We have discussed at length the slowing forward expectations for the next 12 months EPS of the S&P 500 and while every long-only equity strategist enjoys the same talking points of record profits, margins, global growth, and cash-on-the-sidelines, it seems Goldman is increasingly skewing back to a sense of reality. At cycle turns, analysts are always the 'most' wrong with their Birinyi-like extrapolations but a cautious outlook with expectations of a de minimus equity market over the next 12 months leaves Goldman rightly concerned that margins are peaking as consensus sees them growing and multiples will drop as policies remain volatile.
An S&P 500 target of 1200 for Dec11 and 1300 for Dec12 and a focus on quality, dividends, and defensives doesn't sound like the high beta momo double-bogey performance-chasing we have seen in the last few weeks is sustainable.
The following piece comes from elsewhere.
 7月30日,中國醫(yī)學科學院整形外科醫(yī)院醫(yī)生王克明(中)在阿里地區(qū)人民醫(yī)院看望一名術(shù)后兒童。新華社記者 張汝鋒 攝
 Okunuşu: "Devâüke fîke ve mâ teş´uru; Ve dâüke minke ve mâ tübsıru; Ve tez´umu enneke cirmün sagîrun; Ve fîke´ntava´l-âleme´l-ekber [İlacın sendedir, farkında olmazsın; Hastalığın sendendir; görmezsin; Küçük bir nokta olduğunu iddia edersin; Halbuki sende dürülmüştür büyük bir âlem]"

Furthermore, their perspective on the October rally is it reflects a drop in the cost of equity as opposed to better fundamentals.
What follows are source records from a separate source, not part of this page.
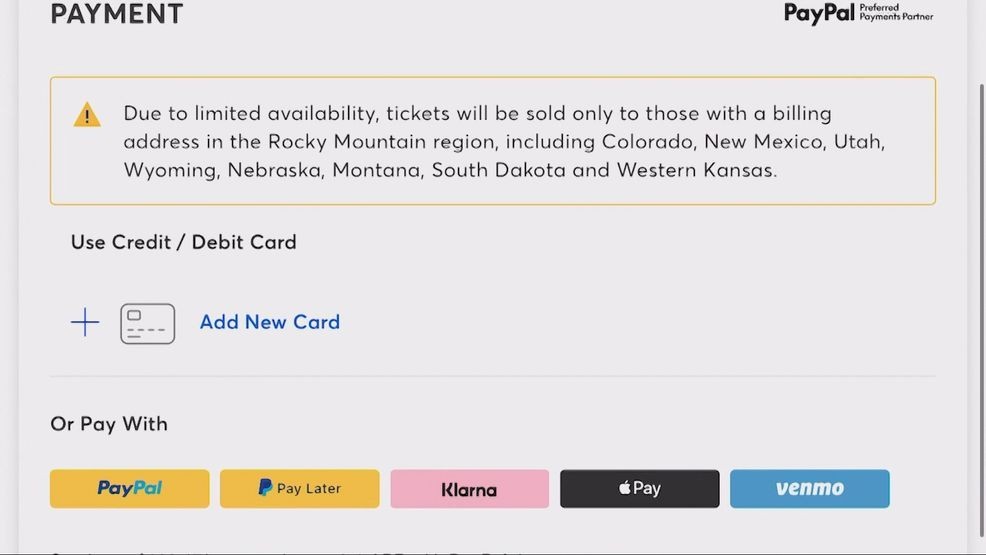 Fans will be met with a message on Ticketmaster, which says that due to limited availability, tickets will only be sold to those with an address in the Rocky Mountain area.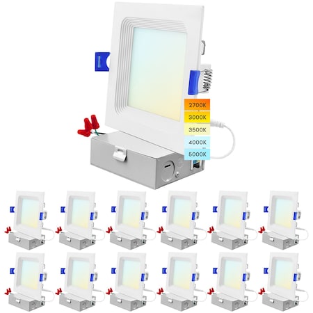 4 Inch Square LED Recessed Can Lights 5 CCT Selectable 2700K-5000K 11W 750LM Dimmable 12-Pack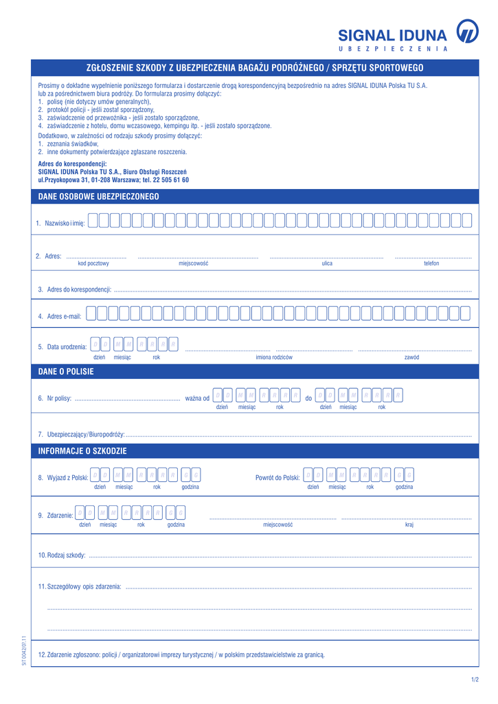ZGŁOSZENIE SZKODY Z UBEZPIECZENIA BAGAŻU PODRÓŻNEGO / SPRZĘTU SPORTOWEGO Prosimy o dokładne wypełnienie poniższego formularza i dostarczenie drogą korespondencyjną bezpośrednio na adres SIGNAL IDUNA Polska TU S.A. lub za pośrednictwem biura podróży. Do formularza prosimy dołączyć: 1. polisę (nie dotyczy umów generalnych), 2. protokół policji - jeśli został sporządzony, 3. zaświadczenie od przewoźnika - jeśli zostało sporządzone, 4. zaświadczenie z hotelu, domu wczasowego, kempingu itp. - jeśli zostało sporządzone. Dodatkowo, w zależności od rodzaju szkody prosimy dołączyć: 1. zeznania świadków, 2. inne dokumenty potwierdzające zgłaszane roszczenia. Adres do korespondencji: SIGNAL IDUNA Polska TU S.A., Biuro Obsługi Roszczeń ul.Przyokopowa 31, 01-208 Warszawa; tel. 22 505 61 60 DANE OSOBOWE UBEZPIECZONEGO 1. Nazwisko i imię: 2. Adres: .................................... kod pocztowy ........................................................................ .................................................................... miejscowość .............................................. ulica telefon 3. Adres do korespondencji: ...................................................................................................................................................................................................................... 4. Adres e-mail: D D 5. Data urodzenia: dzień M M R miesiąc R R R ................................................... .............................................. .................................................................... rok imiona rodziców zawód DANE O POLISIE 6. Nr polisy: ............................................................... ważna od D D M M R dzień miesiąc R R R rok do D D M M dzień miesiąc R R R R rok 7. Ubezpieczający / Biuro podróży: ............................................................................................................................................................................................................... INFORMACJE O SZKODZIE 8. Wyjazd z Polski: D D M M miesiąc dzień 9. Zdarzenie: D D M M miesiąc dzień R R R R R rok R rok R R G G Powrót do Polski: godzina G G godzina D D M M dzień miesiąc R R R R rok G G godzina ............................................................................ .............................................................................. miejscowość kraj 10.Rodzaj szkody: ..................................................................................................................................................................................................................................... 11.Szczegółowy opis zdarzenia: ............................................................................................................................................................................................................... ............................................................................................................................................................................................................................................................. SIT 0042/0?.11 ............................................................................................................................................................................................................................................................. 12.Zdarzenie zgłoszono: policji / organizatorowi imprezy turystycznej / w polskim przedstawicielstwie za granicą. 1/2 13.Jeśli są świadkowie zdarzenia, to podać nazwiska i imiona oraz ich adresy: ............................................................................................................................................................................................................................... ............................................................................................................................................................................................................................... 14.Wykaz rzeczy zniszczonych i / lub utraconych: Nazwa przedmiotu Rodzaj materiału Wartość początkowa Stopień uszkodzenia Ogółem wysokość zgłoszonych roszczeń ................................................................. złotych. 15.Czy posiada Pan / Pani inną polisę obejmującą ochroną ubezpieczeniową to zdarzenie? Jeśli tak, to prosimy podać: Tak Nie nazwę zakładu ubezpieczeń: ............................................................................................................................................... nr polisy: .................................................. OŚWIADCZENIE Oświadczam, że powyższe informacje zostały przeze mnie udzielone zgodnie z prawdą i według najlepszej wiedzy. FORMA WYPŁATY ODSZKODOWANIA Należne odszkodowanie należy przekazać na złotówkowe konto bankowe o numerze: Nazwa i nr oddziału banku: ........................................................................................................................................................................................................................ Nazwisko i imię właściciela konta bankowego: ........................................................................................................................................................................................... ................................................................................................................. Data i podpis Ubezpieczającego / pracownika biura podróży ................................................................................................................. Data i podpis Ubezpieczonego 2/2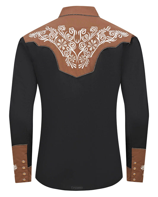 Saddle Brown Men's Embroidered Western Pearl Snap Shirt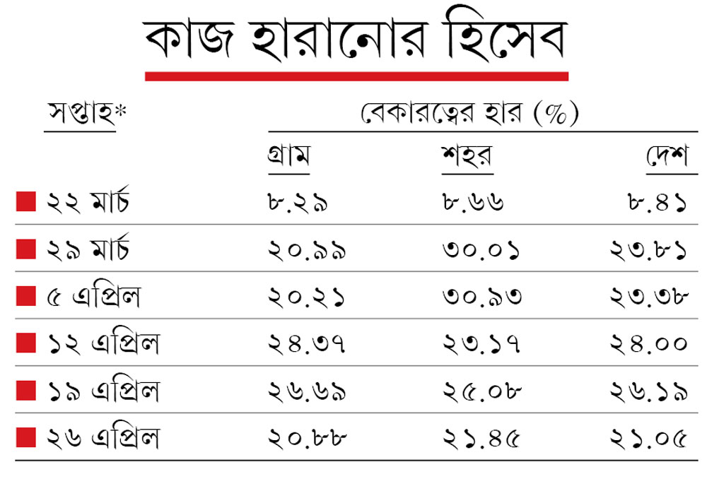 উপদেষ্টা সংস্থা সিএমআইই-র সমীক্ষা অনুযায়ী, ২৬ এপ্রিল শেষ হওয়া সপ্তাহে দেশে বেকারত্বের হার কমল আগের সাত দিনের তুলনায় প্রায় ৫ শতাংশ বিন্দু। দাঁড়াল ২১.০৫ শতাংশে। যেখানে ১৯ এপ্রিল শেষ হওয়া সপ্তাহে ওই হার ছিল ২৬ শতাংশের উপরে। পরিসংখ্যানে স্পষ্ট, বেকারত্বের ছোবল কমেছে গ্রাম, শহর দুই অঞ্চলেই। বেশি কমেছে গ্রামে। দেশ জোড়া লকডাউন শুরুর পর থেকেও শেষ সপ্তাহের বেকারত্বের হারই সব থেকে কম।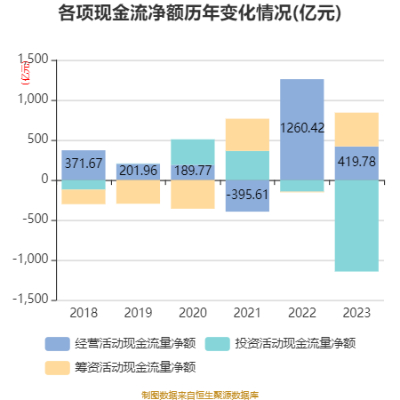 2023年,公司经营活动现金流净额为419.78亿元,同比下降66.70%;筹资活动现金流净额422.55亿元,同比增加431.32亿元;投资活动现金流净额-1144.74亿元,上年同期为-145.65亿元。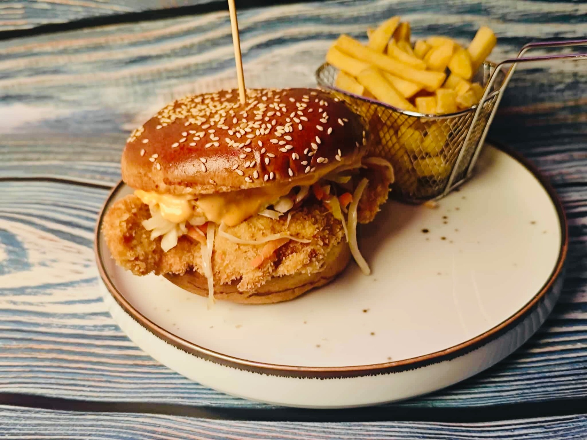 CHRUPIĄCE STRIPSY W SEKRETNEJ PANIERCE Z PARMEZANEM PODAWANE Z FRYTKAMI, SAŁAKĄ COLESALW, SOSEM MIDOOWO MUSZTARDOWYM, SOSEM RANCH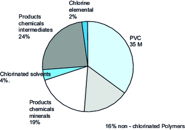 It is difficult to draw up a complete inventory of the uses and applications of chlorine and its derivatives, given the large number of chlorinated products listed and, above all, the wide variety of applications in many sectors of the economy. Nevertheless, figure 23 gives an overview of the distribution of chlorine uses in Europe.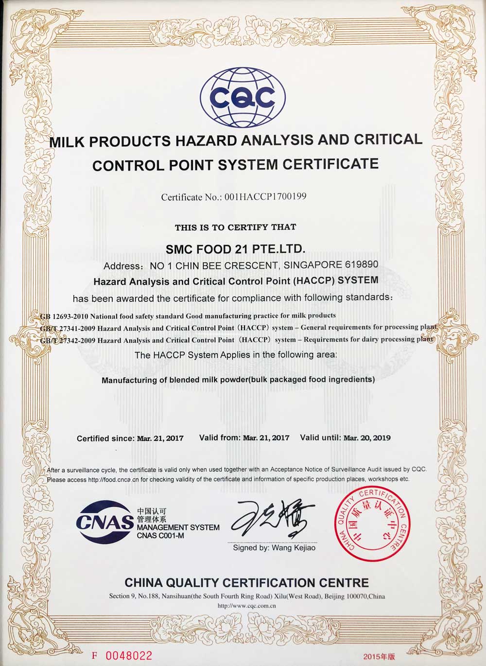 Certified by China Quality Certification Centre (CQC) for compliance with the National food safety standard Good manufacturing practice for milk products and adhering to Hazard Analysis and Critical Control Point (HACCP) system for processing and dairy processing plants.

In one of the most complete (and truthy) discussions we have seen recently (and expanding on the note we discussed in late September), GS notes forward EPS reductions, high correlations, fund under-performance, and basic fundamentals around the business cycle - as well as indicating growing areas of concern.
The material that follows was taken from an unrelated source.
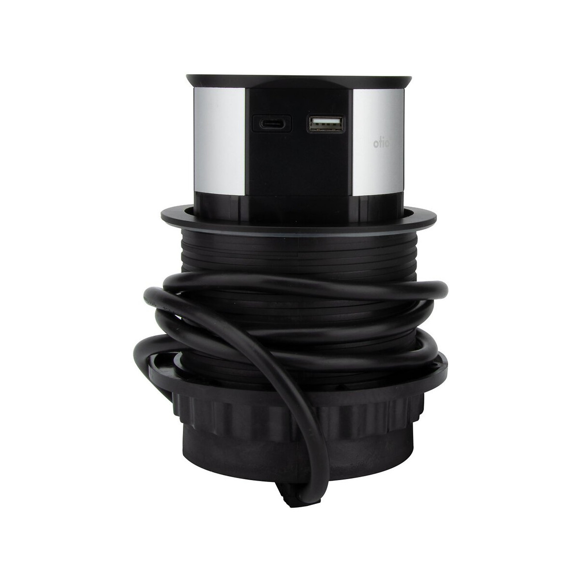 Chargez votre smartphone rapidement et sans câble ! Design et compacte, cette multiprise escamotable équipée de 3 prises 16A et deux ports USB (USB et USBC) s'encastre et se relève d?une simple pression des doigts. Pour recharger votre smartphone par induction sans utiliser de câble, posez simplement votre téléphone sur le bloc prises. Les deux ports USB (dont un USB-C) vous permettent également de recharger plusieurs appareils en simultané. Grâce aux trois prises 16A disponibles, vous pourrez brancher plusieurs appareils en même temps et ainsi bénéficier d'un important gain de place sur votre plan de travail. Caractéristiques techniques : 3 prises 16A 2P+T, chargeur induction jusqu?à 10W, câble H05VV-F 3G1,5mm² : longueur 1,5m, diamètre de perçage: 100 mm, Encombrement sous plan de travail 10 cm, Hauteur déplié : 6cm.

A topic often discussed here recently is the accelerating drop in consensus EPS for next year that seems to be ignored by all and every top-down strategist's projections for equity exposure.
P/E multiples are another side of the valuation coin and given uncertainties, GS is hardly positive:
And finally, some perspective on the huge October rally, that GS believes is more reflective of the low cost of equity than any improvement in fundamentals - and given the performance post-early October, WACCs have retraced.